Data records:
* * *
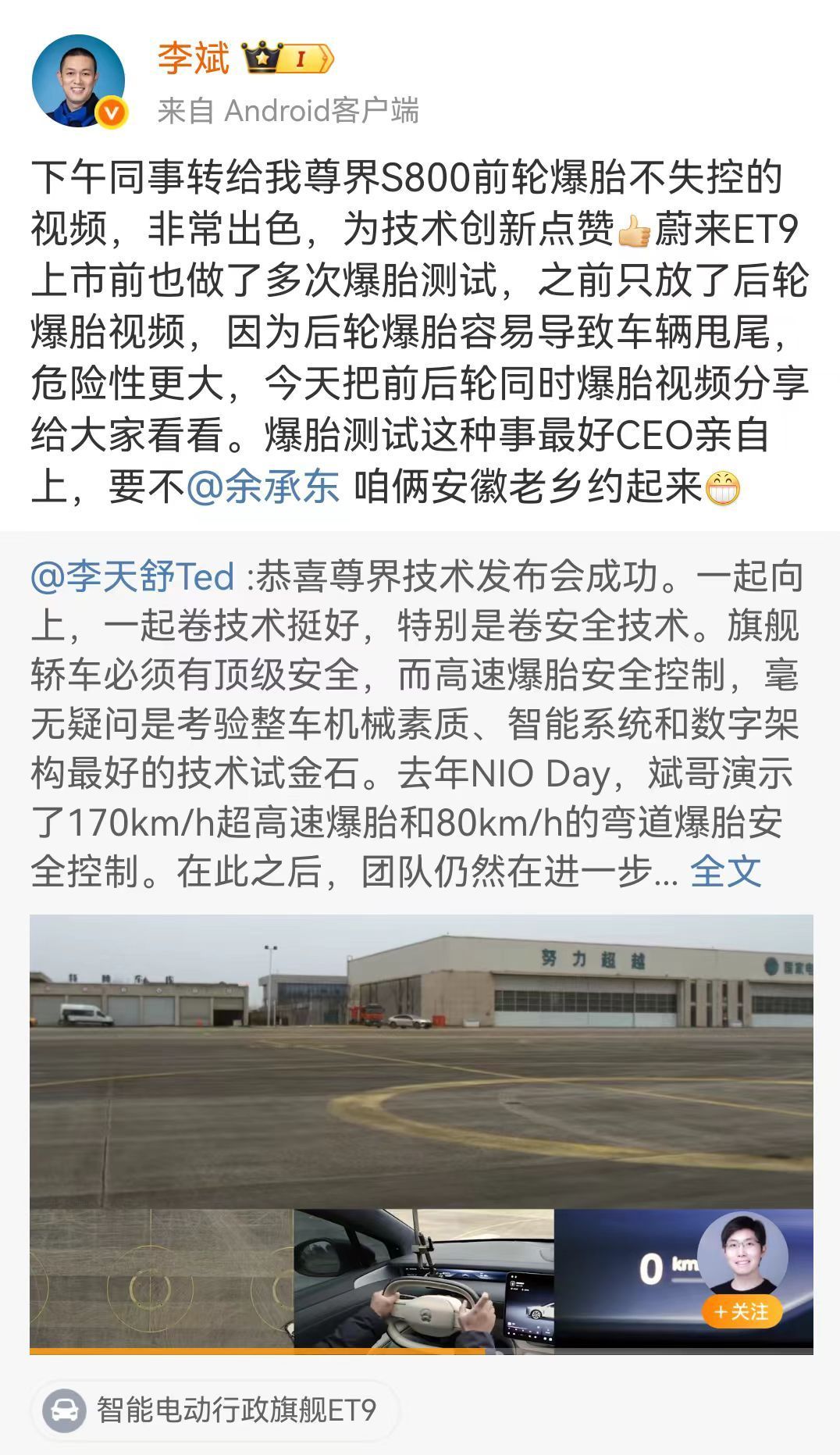 发布会后,蔚来创始人李斌在微博与余承东互动,李斌也隔空邀约余承东一同亲测爆胎,共同提升旗舰轿车安全的技术高度。
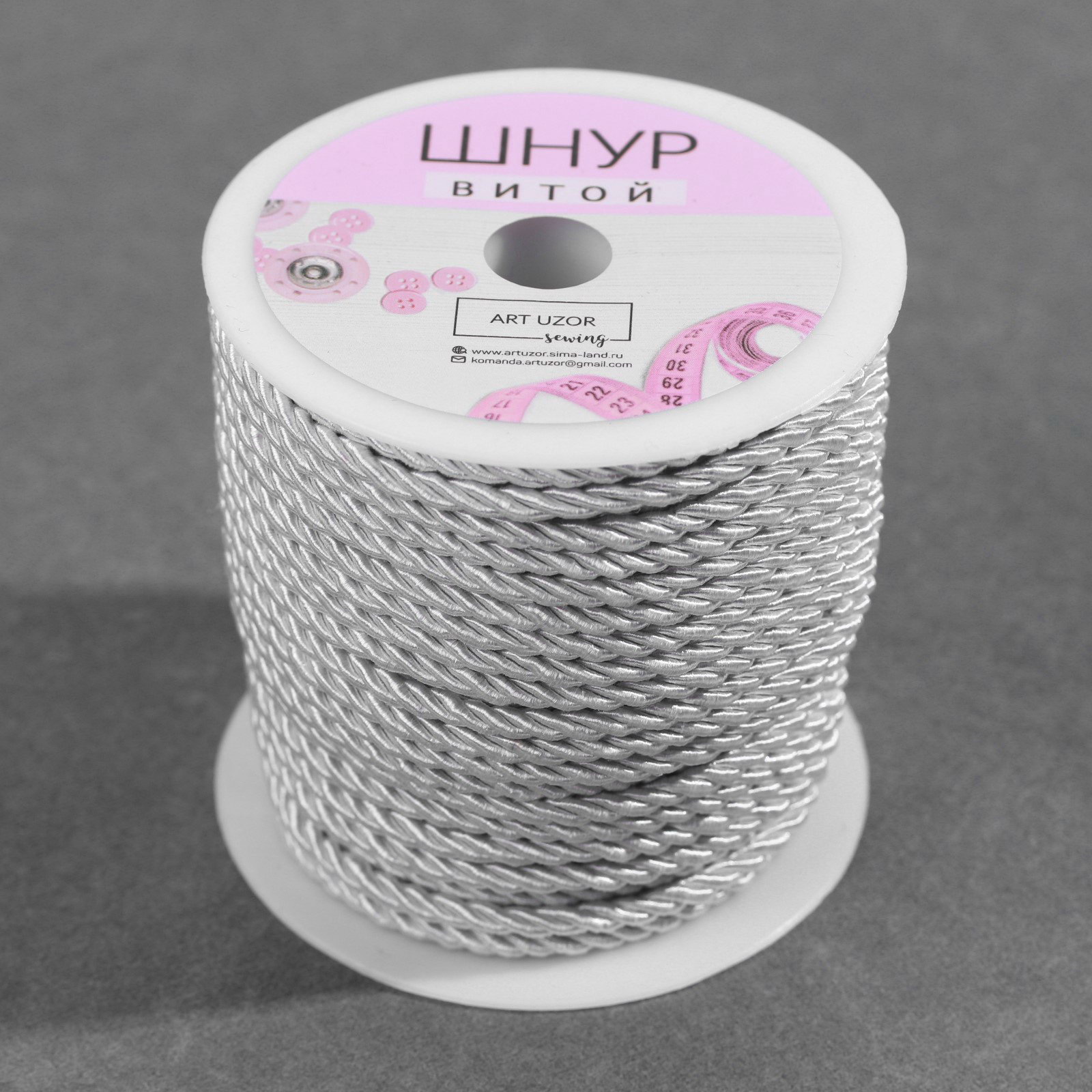 Шнур витой, d=3 мм, 25+-1 м, цвет серебряный, 30х30х6 см., Арт Узор, Китай
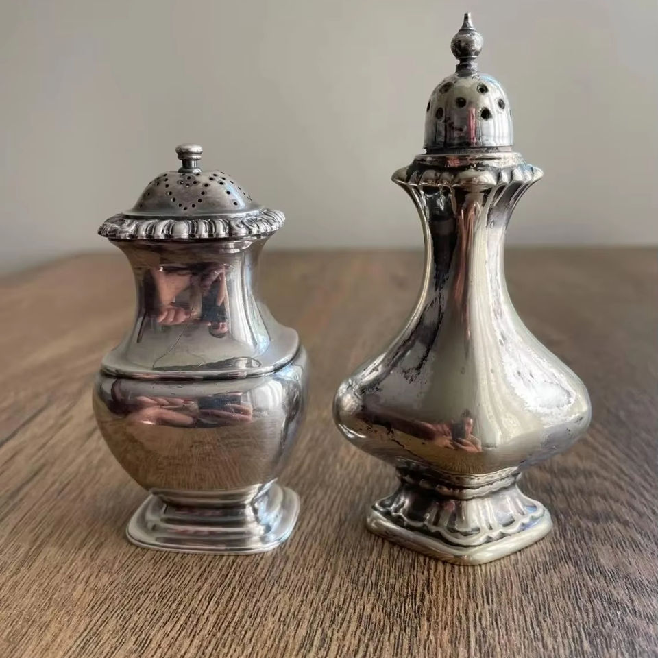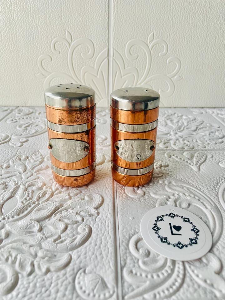 Ensemble de poivre sel en laiton de conception détaillée avec surface texturée et bords lisses idéal pour les cadeaux et l'affichage
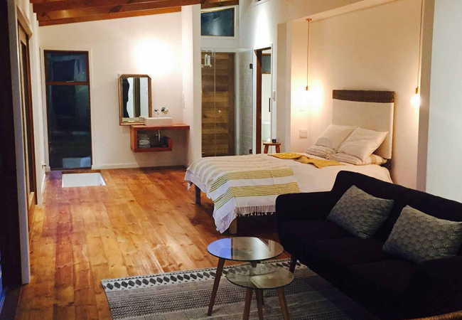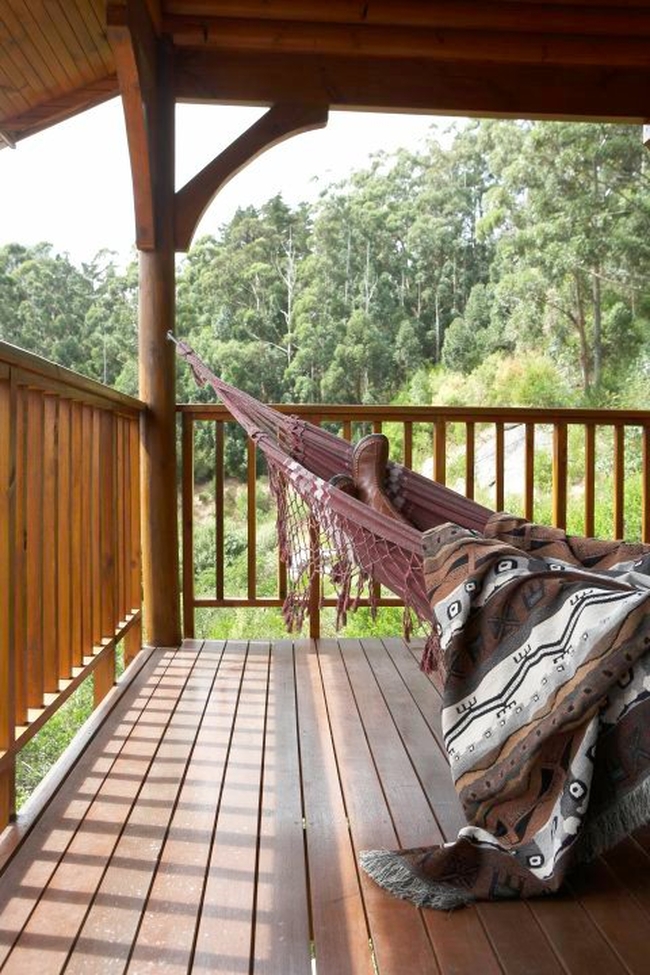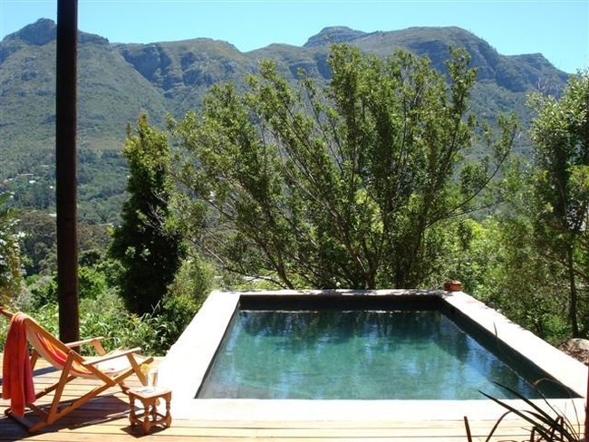 The cabin is set in two acres of indigenous garden and forest with rock formations, wild flowers and Koi fish ponds. The natural swimming pool, low slung hammocks and trampoline, make it the perfect natural playground for children.
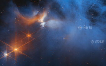Immagine della NirCam del Jwst che mostra la regione centrale della nube molecolare Chameleon I. Il materiale della nube (blu, al centro) è illuminato nell’infrarosso dalla giovane protostella Ced 110 Irs 4 (arancione, in alto a sinistra). Le due stelle di sfondo utilizzate in questo studio, Nir38 e J110621, sono indicate in bianco. Crediti: Nasa, Esa, Csa, M. Zamani (Esa/Webb), F. Sun (Steward Observatory), Z. Smith (Open University), Ice Age Ers Team.
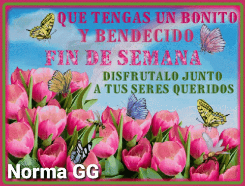 Norma GG shares a beautiful greeting card with pink tulips and butterflies, wishing a blessed weekend to enjoy with loved ones.
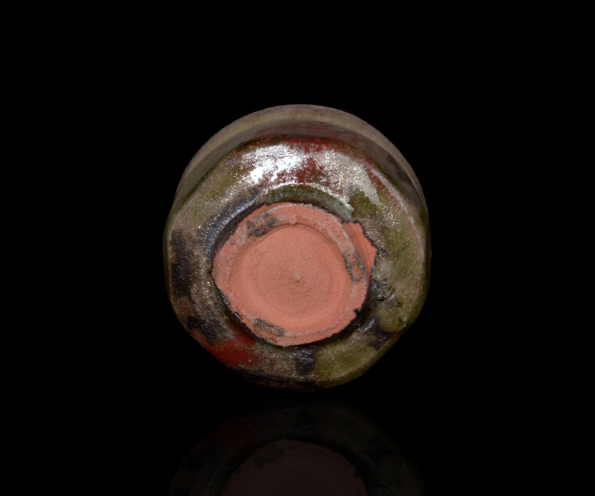 埼玉で黄瀬戸作品を中心に作陶する松村遷さんの黄瀬戸ぐい呑。ガス窯にて黄瀬戸を制作後、さらなる窯変を求め薪窯で焼成し奥行きのある表情を引き出した作品。艶のある黄色のボディに、草紋に現れた赤い胆礬が美しい作品。カセた口縁には紫が現れ、見込みもほのかに赤く色づいています。
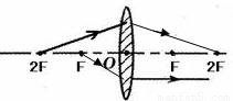 (2)凸透鏡對光線有會(huì)聚作用,物體位于2倍焦距時(shí),像也位于2倍焦距;從焦點(diǎn)發(fā)出的光線經(jīng)凸透鏡折射后與主光軸平行,如下圖:
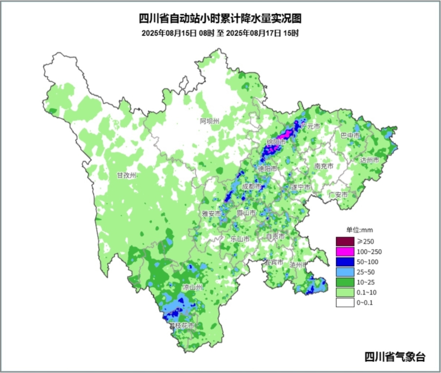 回顾刚刚过去的周末,四川盆地和攀西地区出现分散的暴雨或大暴雨,强降水主要集中在盆地西部的龙门山沿山,呈带状分布。据统计,8月15日8时至17日15时,全省有254个站点累计降雨量超过50毫米,其中39个站点超过100毫米。最大累计雨量出现在绵阳的江油市大康戴天山,接近199毫米;最大小时雨量出现在德阳的绵竹市富新玉石,为86.5毫米(15日22时)。
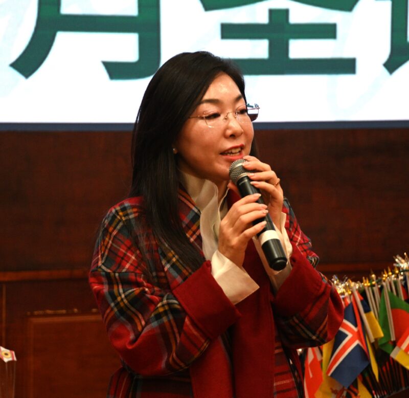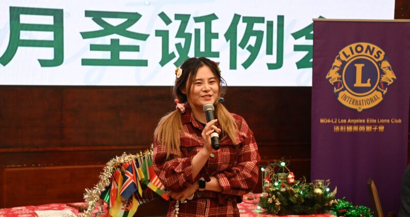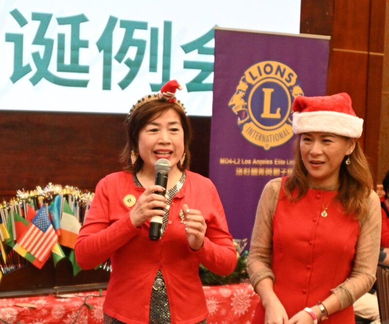 洛杉矶菁英狮子会会长赵宏(Diana zhao)博士(左)致词
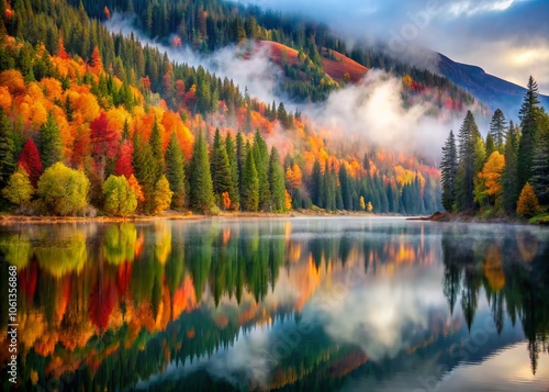 © Curie, Fototapeta premium A serene autumn morning at Lake Josephine, Montana, features mist over peaceful waters, vivid fall leaves reflecting in a tranquil landscape, captured in long exposure.
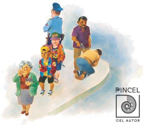 Autor Díaz, Hugo Título Seguridad Técnica PinturaAcuarela Año Sfch Medidas Temática Composición con figura Otros Datos Ilustraciones de Soy Coplero, año de edición 1999. Palabras Clave Hombres - Calle - Acera - Policía - Inútil - Indiferencia - Robo - Asalto - Inseguridad - Arma - Maltrato - Maleantes - Anciana - Miedo - Temor
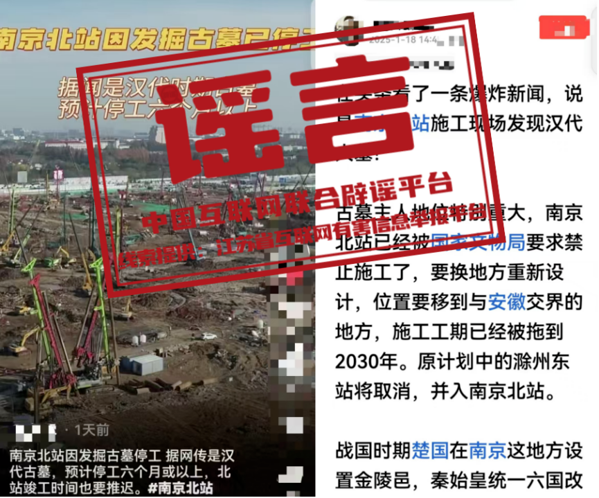 真相:近日,有網(wǎng)民在網(wǎng)絡(luò)平臺(tái)發(fā)帖稱,南京北站因挖到古墓,“已經(jīng)被國家文物局要求禁止施工了”“預(yù)計(jì)停工六個(gè)月或以上”“施工工期已經(jīng)被拖到2030年”等。經(jīng)江蘇省互聯(lián)網(wǎng)辟謠平臺(tái)與省文物部門和屬地核實(shí),目前沒有收到國家文物局關(guān)于“南京北站禁止施工”的有關(guān)通知,南京北站除個(gè)別涉及考古發(fā)掘作業(yè)區(qū)域外,其他施工作業(yè)均按計(jì)劃正常有序推進(jìn),網(wǎng)傳信息系謠言。(來源:江蘇省互聯(lián)網(wǎng)辟謠平臺(tái)、“南京網(wǎng)絡(luò)辟謠”微信公眾號(hào))
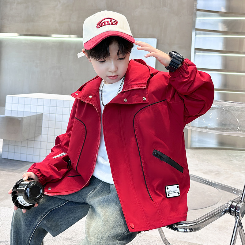 男童春装外套2026新款洋气中大儿童帅气冲锋衣春秋款红色连帽风衣
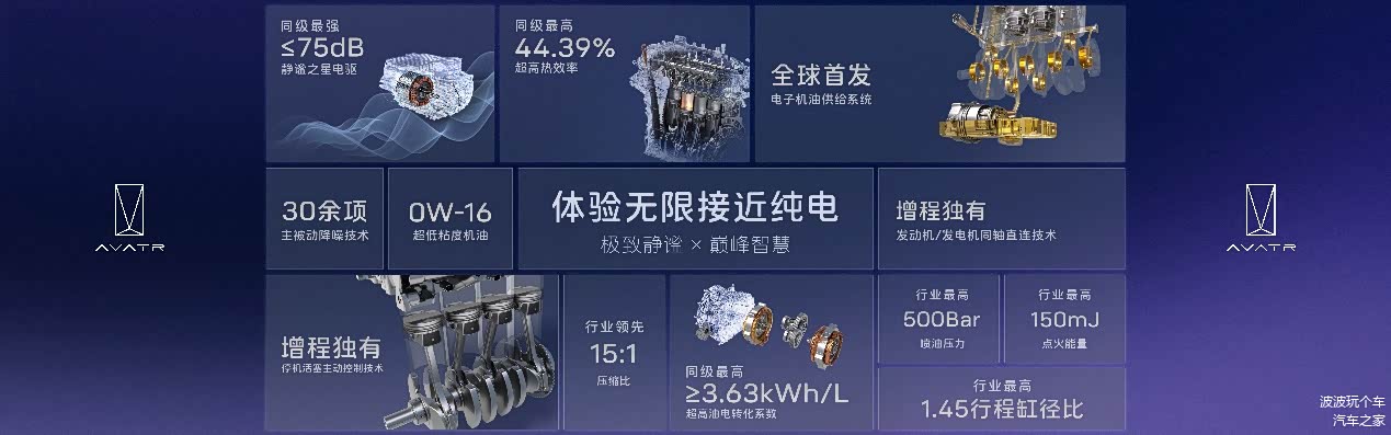 举个例子,阿维塔最新昆仑增程所采用的那台增程器,缸径冲程比能够达到1.45。这是个什么概念?传统燃油车的缸径冲程比在1.1-1.2左右,插混车在1.3左右。缸径冲程比做大意味着能够帮助提高压缩比,燃油的燃烧更充分,也会有更高的热效率。阿维塔这台增程器的热效率达到了44.39%,发电效率达到3.63度/升,已经是行业里的顶尖水平了。
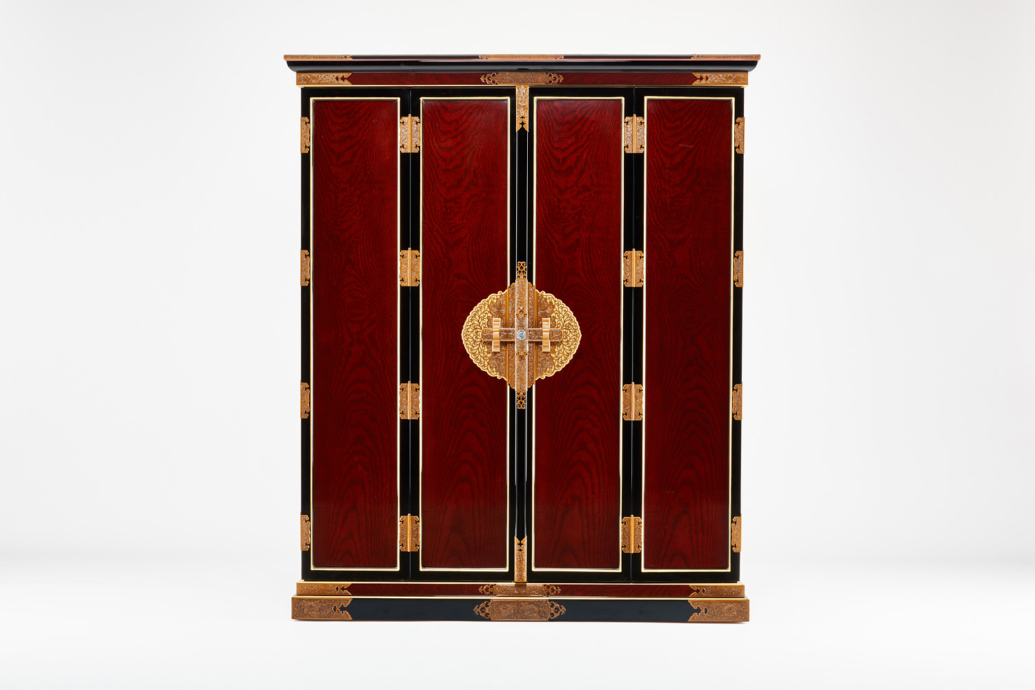 一間仏間用の国内最高級浜仏壇。材質から塗り、彫刻、蒔絵、組立にいたる全ての工程にこだわり抜いたお仏壇です。宮殿前の小柱には、純銀の絵金具が取り付けてあります。 最高級と称される浜壇の由来は、古くは豊臣秀吉が滋賀県の長浜城城主であった頃、地元の町に12体の曳山(山車)を造らせました。当時名手と言われた職人が取り組んだ曳山は、現在でも重要文化財として扱われています。その曳山の製作に携った職人が造り始めたお仏壇のかたちが“浜壇”と呼ばれています。
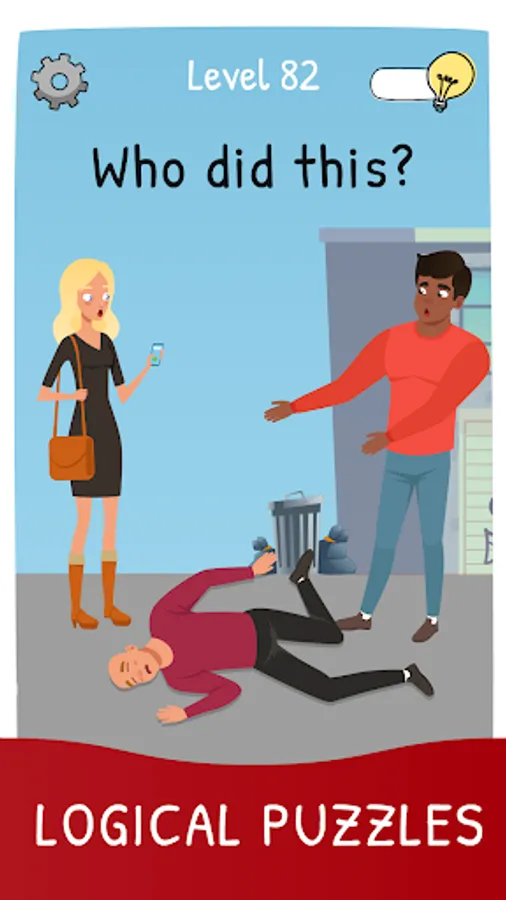 This mind game offers a great user experience with artistic and funny graphics and animations. You will play a variety of crazy riddles where you solve the problems such as who is a father and who is his wife. You will solve crimes, uncover hidden secrets, and complete complex puzzles by finding clues.
* * *
_What to work on_: Write out, word for word, the lines from the first line of the entries through the one containing "The cabin is", both included. Leave out the pictures.

_Exercise answer_:
 发布会后,蔚来创始人李斌在微博与余承东互动,李斌也隔空邀约余承东一同亲测爆胎,共同提升旗舰轿车安全的技术高度。
 Шнур витой, d=3 мм, 25+-1 м, цвет серебряный, 30х30х6 см., Арт Узор, Китай
 Ensemble de poivre sel en laiton de conception détaillée avec surface texturée et bords lisses idéal pour les cadeaux et l'affichage
 The cabin is set in two acres of indigenous garden and forest with rock formations, wild flowers and Koi fish ponds. The natural swimming pool, low slung hammocks and trampoline, make it the perfect natural playground for children.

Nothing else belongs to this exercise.